# Task statement
For this exercise, retype the lines from the one that holds "這位同學在被皮皮蝦擊穿10天之后,拇指依然是麻木的,于是他去了醫院。" through the one that holds "Drugim UAV jest" in the records below, both included, exactly and without pictures.

# Records for processing
******

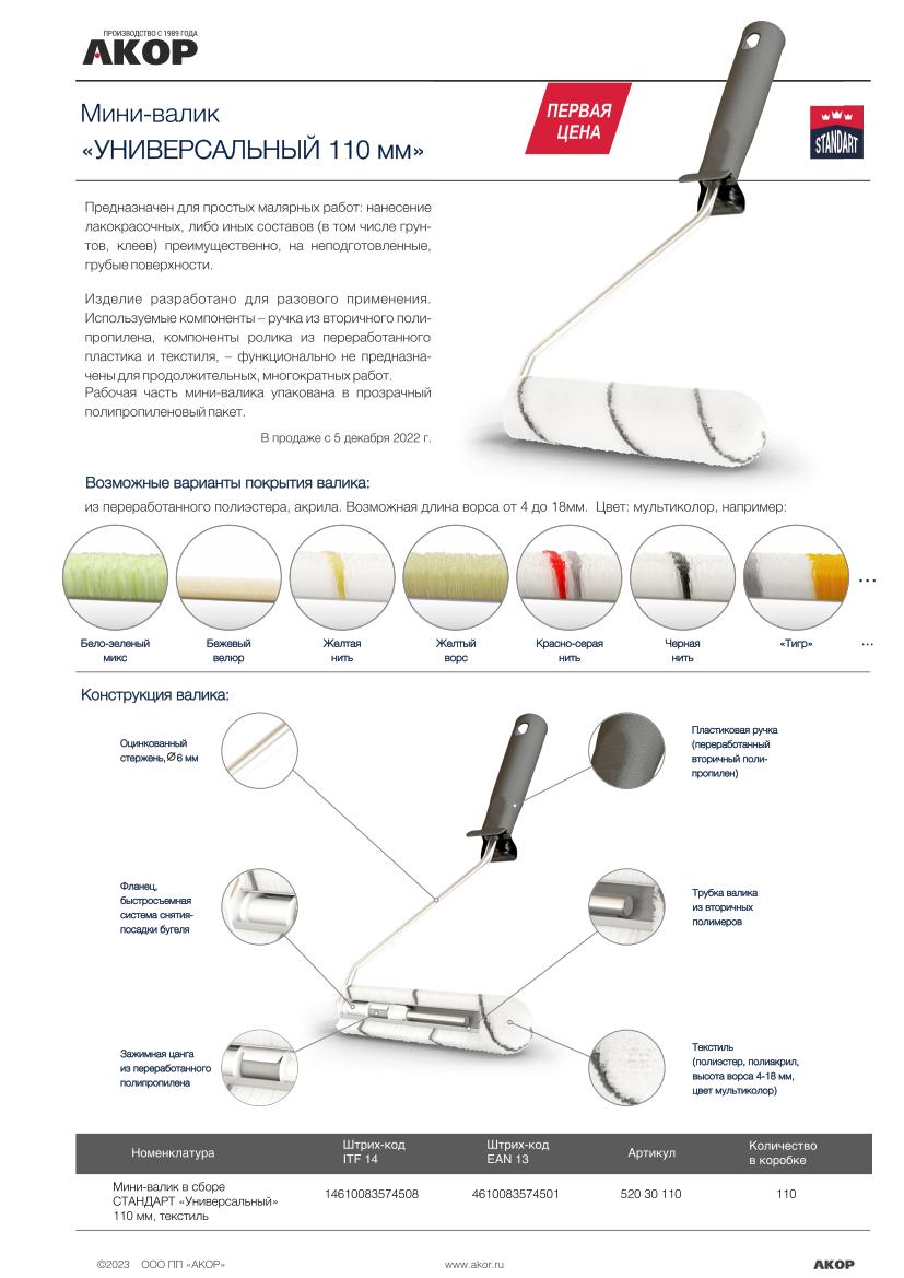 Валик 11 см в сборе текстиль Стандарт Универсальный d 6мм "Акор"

******

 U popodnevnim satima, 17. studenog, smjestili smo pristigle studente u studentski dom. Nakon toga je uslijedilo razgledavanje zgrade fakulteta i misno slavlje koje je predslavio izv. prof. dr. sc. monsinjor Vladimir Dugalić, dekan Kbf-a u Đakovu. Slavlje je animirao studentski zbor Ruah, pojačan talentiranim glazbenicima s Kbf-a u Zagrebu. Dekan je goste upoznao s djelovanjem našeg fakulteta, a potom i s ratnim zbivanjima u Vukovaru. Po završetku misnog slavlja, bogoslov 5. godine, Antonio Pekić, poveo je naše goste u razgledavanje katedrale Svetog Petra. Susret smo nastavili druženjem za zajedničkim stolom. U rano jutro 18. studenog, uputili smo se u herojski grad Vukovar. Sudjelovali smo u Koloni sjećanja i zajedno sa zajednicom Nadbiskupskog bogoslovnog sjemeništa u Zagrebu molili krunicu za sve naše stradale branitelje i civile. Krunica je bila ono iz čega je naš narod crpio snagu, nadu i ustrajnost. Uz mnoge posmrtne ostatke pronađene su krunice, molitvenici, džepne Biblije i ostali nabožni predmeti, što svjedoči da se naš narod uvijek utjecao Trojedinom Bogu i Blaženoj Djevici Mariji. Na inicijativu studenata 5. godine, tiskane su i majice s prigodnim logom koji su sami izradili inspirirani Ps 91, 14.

******

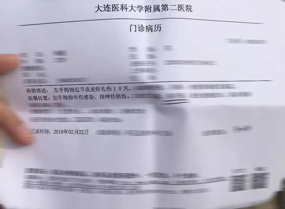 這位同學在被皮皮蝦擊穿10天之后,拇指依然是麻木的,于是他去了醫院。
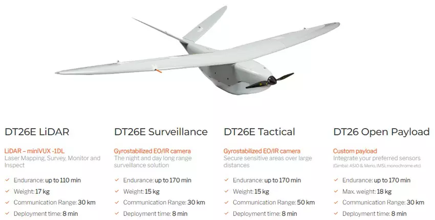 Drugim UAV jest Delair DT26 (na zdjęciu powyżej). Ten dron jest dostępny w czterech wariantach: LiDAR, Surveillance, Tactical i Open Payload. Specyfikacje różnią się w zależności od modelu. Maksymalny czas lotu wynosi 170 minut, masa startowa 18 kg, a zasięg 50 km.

******

# Exercise output
 這位同學在被皮皮蝦擊穿10天之后,拇指依然是麻木的,于是他去了醫院。
 Drugim UAV jest Delair DT26 (na zdjęciu powyżej). Ten dron jest dostępny w czterech wariantach: LiDAR, Surveillance, Tactical i Open Payload. Specyfikacje różnią się w zależności od modelu. Maksymalny czas lotu wynosi 170 minut, masa startowa 18 kg, a zasięg 50 km.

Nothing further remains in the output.